Responsive — Test 3 Viewports at Once

# Capture mobile + tablet + desktop baselines
aat snapshot scenarios/ --url http://localhost:3000 --responsive

# Compare all 3 viewports
aat diff scenarios/ --url http://localhost:3000 --responsive

# Or test a single custom viewport
aat snapshot scenarios/ --viewport 414x896

Viewport	Size	Use Case
mobile	375×812	iPhone-class devices
tablet	768×1024	iPad-class devices
desktop	1280×720	Standard desktop

Console Error Collection

# Capture baselines and check for JS errors
aat snapshot scenarios/ --url http://localhost:3000 --console

# Fail the run if console errors are found
aat snapshot scenarios/ --url http://localhost:3000 --console-fail

Catches hidden JavaScript errors that pass visual checks — TypeError, network 404s, uncaught exceptions.

Auto-Open Diff Images

# Open failed diff images in your system viewer
aat diff scenarios/ --url http://localhost:3000 --open

# → macOS: opens in Preview
# → Linux: opens with xdg-open

Watch Mode — Auto-Test on File Changes

aat watch scenarios/ --url http://localhost:3000
# → Saves a file? Tests re-run automatically
# → Baselines exist? Visual diff included
# → Ctrl+C to stop

Scenario file changed → re-run that scenario only
Source file changed → re-run all scenarios (full regression)
Powered by watchfiles (Rust-based), with polling fallback

PR Comments (GitHub Action)

# Output GitHub-flavored markdown for PR comments
aat diff scenarios/ --format=github

# JSON output for other tools
aat diff scenarios/ --format=json

A .github/workflows/visual-regression.yml template is included — drop it into your repo and every PR gets automatic visual regression comments.

What AWT Is Great At

	Feature	Description
🤖	Zero-code test generation	Point at a URL — AI generates complete test steps with real selectors
🔄	Self-healing DevQA Loop	Tests fail? AI fixes and retries automatically (up to 5 attempts)
👁️	Visual verification	Screenshots before/after every action — not just DOM checks
🌐	Real browser	Chrome with human-like mouse movement and typing speed
📱	Flutter support	Native CanvasKit + Semantics detection — tests Flutter web apps too
📄	Document-based generation	Feed a PDF/DOCX spec — AI generates tests from requirements
⚡	Speed modes	`fast` for React/Next.js · `slow` for Flutter/animations
📸	Smart screenshots	`all` / `before-after` / `on-failure` — choose your audit level
🔌	Plugin architecture	Swap engines, matchers, AI providers via simple registries
📊	Visual regression	SSIM-based screenshot comparison — zero AI tokens, pure OpenCV
📱	Responsive testing	Test mobile/tablet/desktop viewports in one command (`--responsive`)
🖥️	Watch mode	Auto-run tests on file save — instant feedback loop
🔍	Console error capture	Catch hidden JS errors that pass visual checks (`--console`)

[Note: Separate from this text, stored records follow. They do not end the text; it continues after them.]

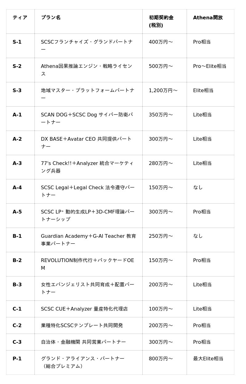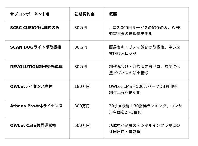 パートナー候補企業の参入障壁を最小化するため、全15プランの構成要素を21のサブコンポーネントとして個別契約可能にしました。最低初期30万円(SCSC CUE紹介代理店)から、最大500万円(OWLet Cafe共同運営権)まで、業種と目的に合った「最初の一歩」を選択できます。
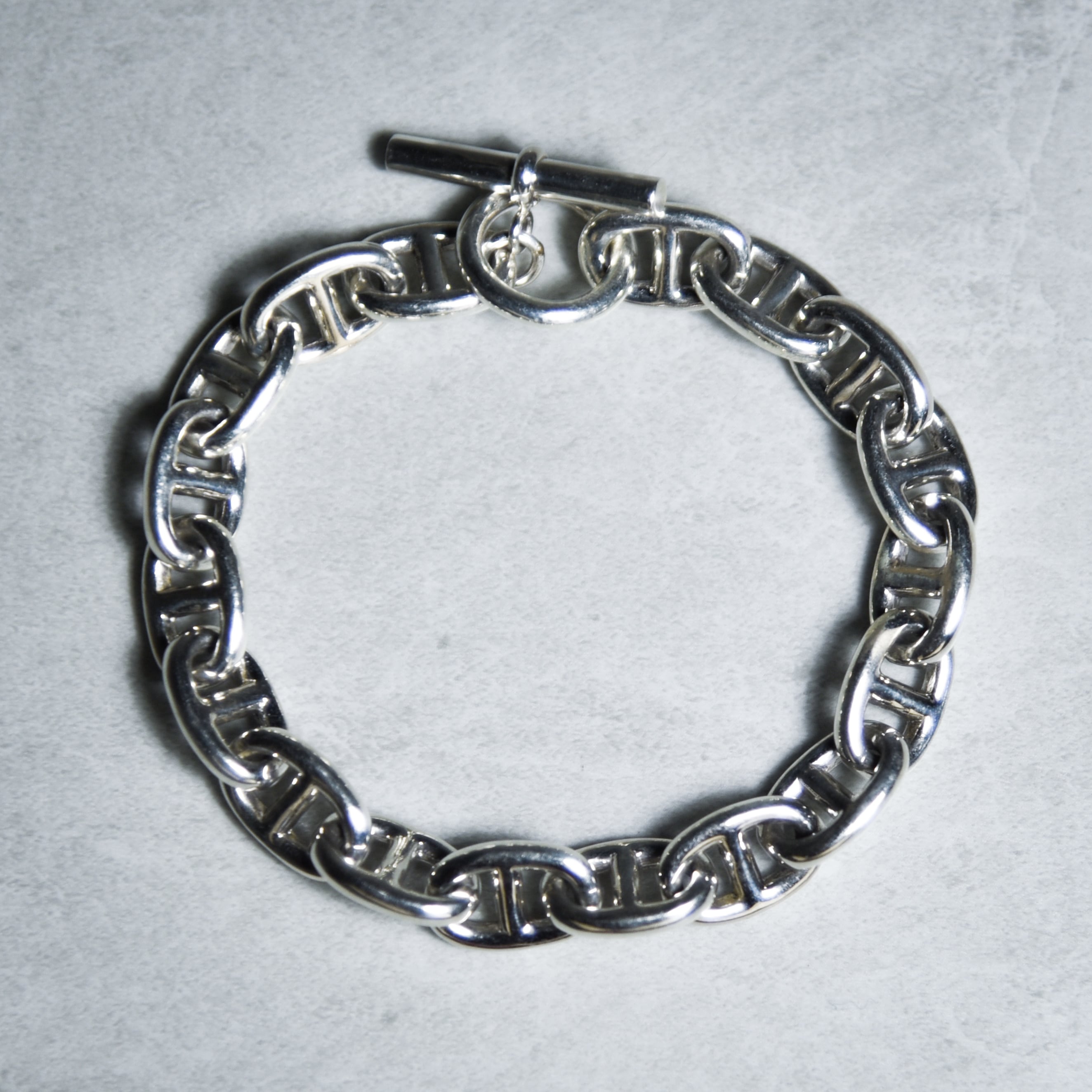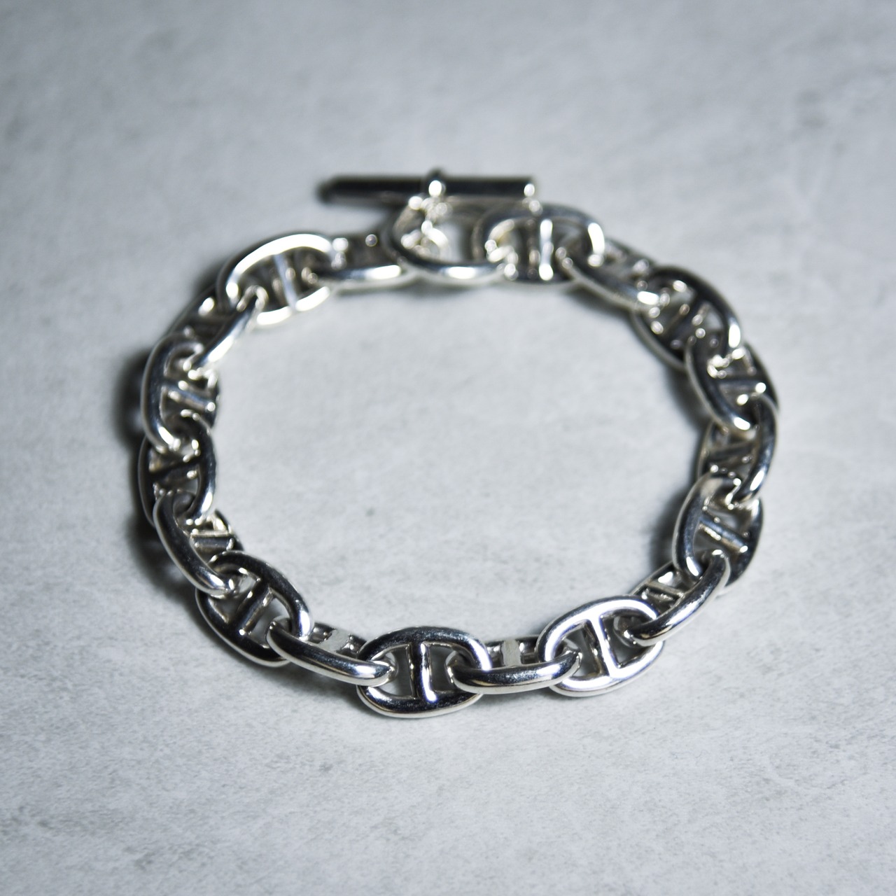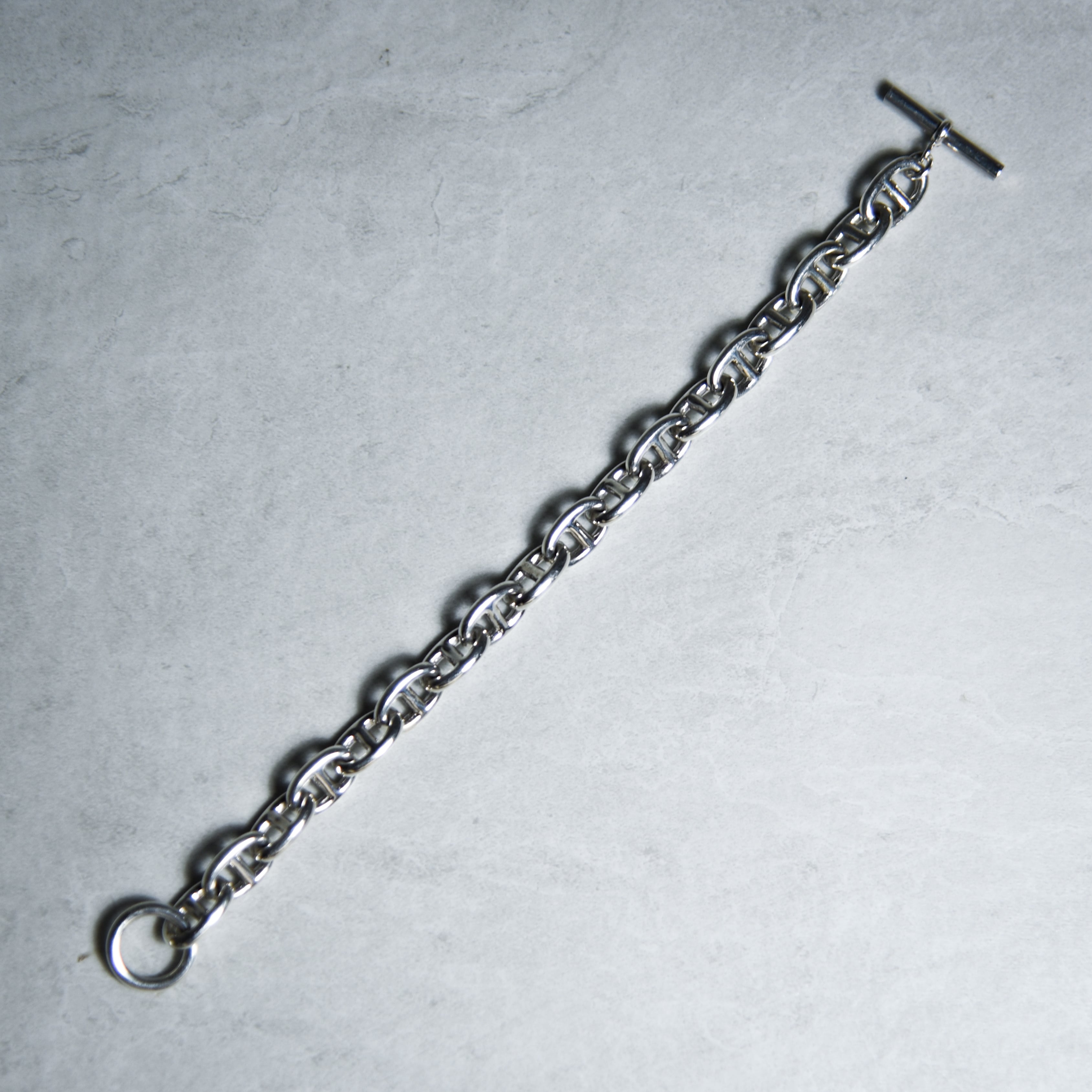 アンカーチェーンをオーバルのコマで連結したデザイン性の高いブレスレット。
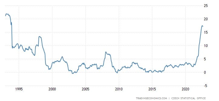 Podobná inflace jako v Česku je například v Bulharsku (17,9 procenta), Bělorusku (17,9 procenta), Makedonii (16,8 procenta) nebo Bosně a Hercegovině (16,7 procenta). Ze zemí G20 má nejvyšší inflaci stále Turecko s mírou přes 80 procent, následuje Argentina se 71 procenty a Rusko, kde je oficiální inflace 14,3 procenta.
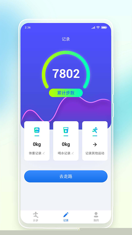 日常行走时,数据会自动同步。如需记录体重或饮水,可在个人中心相应模块手动添加并保存。
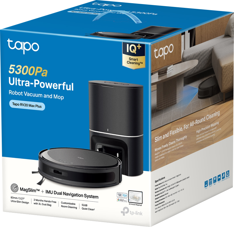 Tapo RV20 Max Plus tarjoaa 5300Pa:n ultra-tehokkaan imutehon, joka poistaa pölyn, lemmikkien karvat ja murut vaivattomasti kaikilta lattiatyypeiltä. Sen 83 mm:n ohut muotoilu liukuu helposti sohvien ja sänkyjen alle, puhdistaen myös vaikeasti saavutettavat piilopaikat.
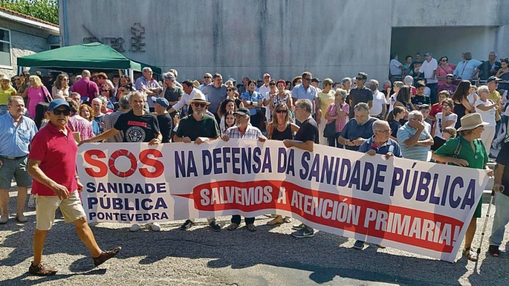 La concentración, convocada por la Asociación Galega para a Defensa da Sanidade Pública, tuvo lugar a las puertas del centro de salud de Baltar, en la localidad de Portonovo (Sanxenxo), donde corearon cánticos como “lo público es servicio, lo privado, beneficio”. La protesta contó con la participación de representantes de distintas organizaciones sociales, sindicales y políticas, entre ellas representantes de BNG y PSOE.

Known Limitations (being honest)

AWT works well for me, but it has rough edges I haven't fully solved yet:

OCR matching can misfire on custom fonts or low-contrast UIs — fallback to DOM selectors when that happens
The self-healing loop occasionally fixates on the wrong element. Setting --max-attempts 3 helps avoid spinning wheels
Complex SPAs with heavy animation may need --verbosity=detailed and a longer wait time
First-run scenario generation is only as good as the page's accessibility tree — poorly structured HTML gives poor results

If you hit something broken, please open an issue. I fix reported bugs fast.

AWT vs Other Tools

vs Playwright / Cypress

Playwright and Cypress are excellent — and AWT is built on top of Playwright. The difference is who writes the tests:

	AWT	Playwright / Cypress
Who writes tests	AI (from your URL)	You (code)
Maintenance when UI changes	AI auto-heals	You update selectors manually
Learning curve	Zero — just paste a URL	Moderate (framework API + JS/TS)
Flexibility	High (YAML scenarios)	Maximum (full code control)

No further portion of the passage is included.